2. **Plugins (OpenCode)**
- Plugins are configured via `opencode.json` in the workspace.
- The format is the same as OpenCode CLI uses today.
- OpenWork should show plugin status and instructions; a native plugin manager is planned.
### Engine reload (config refresh)
- OpenWork server exposes `POST /workspace/:id/engine/reload`.
- It calls OpenCode `POST /instance/dispose` with the workspace directory to force a config re-read.
- Use after skills/plugins/MCP/config edits; reloads can interrupt active sessions.
- Reload requests follow OpenWork server approval rules.
### OpenPackage Registry (Current + Future)
- Today, OpenWork only supports **curated lists + manual sources**.
- Publishing to the official registry currently requires authentication (`opkg push` + `opkg configure`).
- Future goals:
- in-app registry search
- curated list sync (e.g. Awesome Claude Skills)
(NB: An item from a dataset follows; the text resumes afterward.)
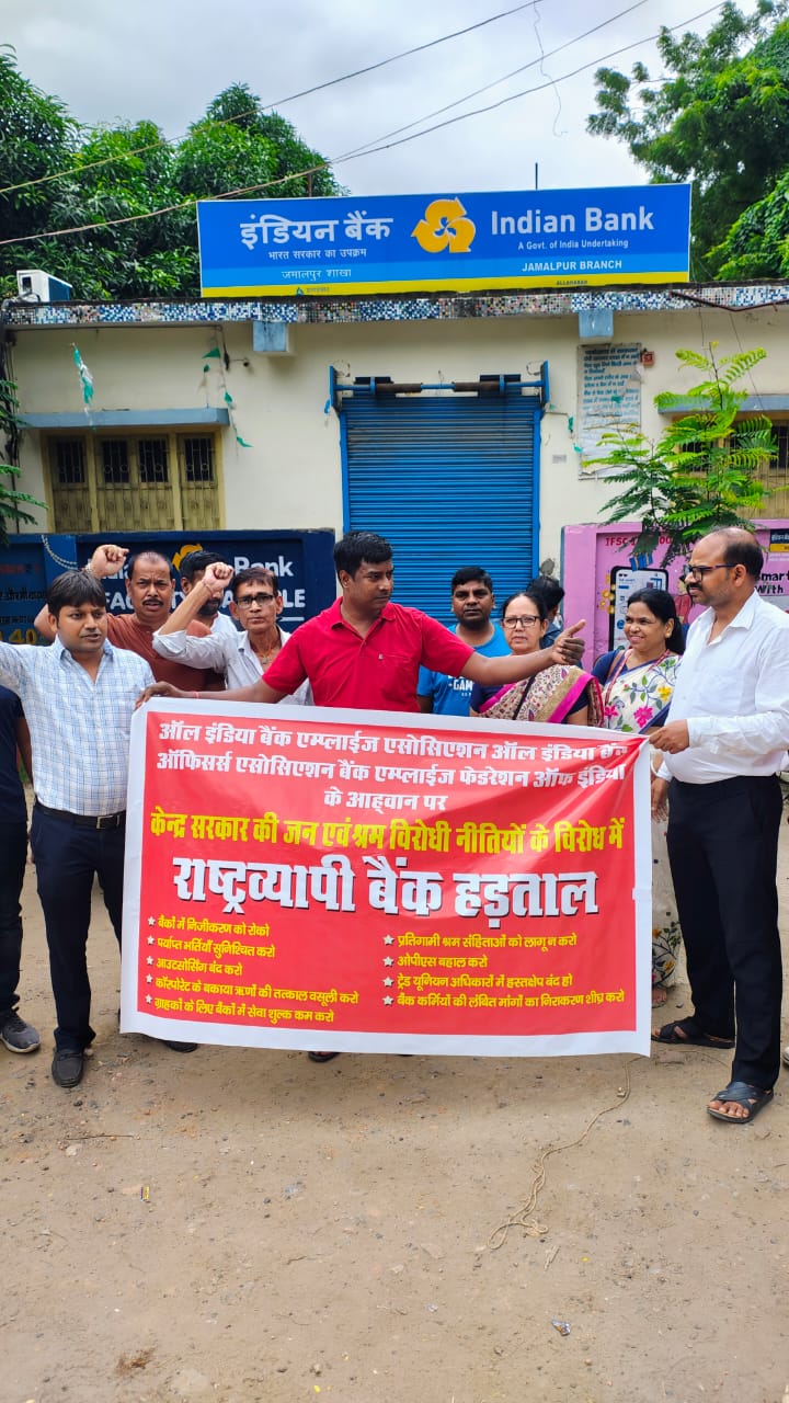 केंद्र सरकार की श्रम नीतियों और तेज़ी से बढ़ते निजीकरण के खिलाफ बुधवार को जमालपुर में बैंक यूनियनों द्वारा आयोजित एकदिवसीय हड़ताल का व्यापक असर देखने को मिला। ऑल इंडिया बैंक एम्प्लॉइज़ एसोसिएशन (AIBEA), ऑल इंडिया बैंक ऑफिसर्स यूनियन (AIBEUF) और बैंक एम्प्लॉइज़ फेडरेशन ऑफ इंडिया (BEFI) के आह्वान पर हुई इस हड़ताल में शहर के सभी बैंक शाखाएं और एटीएम पूरी तरह से बंद रहे।

- frictionless publishing without signup (pending registry changes)
## Projects + Path
- `client.project.list()` / `client.project.current()`
- `client.path.get()`
OpenWork conceptually treats "workspace" as the current project/path.
## Optional TUI Control (Advanced)
The SDK exposes `client.tui.*` methods. OpenWork can optionally provide a "Developer Mode" screen to:
- append/submit prompt
- open help/sessions/themes/models
- show toast
This is optional and not required for non-technical MVP.
## Folder Authorization Model
OpenWork enforces folder access through **two layers**:
1. **OpenWork UI authorization**
- user explicitly selects allowed folders via native picker
- OpenWork remembers allowed roots per profile
2. **OpenCode server permissions**
- OpenCode requests permissions as needed
- OpenWork intercepts requests via events and displays them
Rules:
- Default deny for anything outside allowed roots.
- "Allow once" never expands persistent scope.
- "Allow for session" applies only to the session ID.
- "Always allow" (if offered) must be explicit and reversible.
## Open Questions
- Best packaging strategy for Host mode engine (bundled vs user-installed Node/runtime).
- Best remote transport for mobile client (LAN only vs optional tunnel).
- Scheduling API surface (native in OpenCode server vs OpenWork-managed scheduler).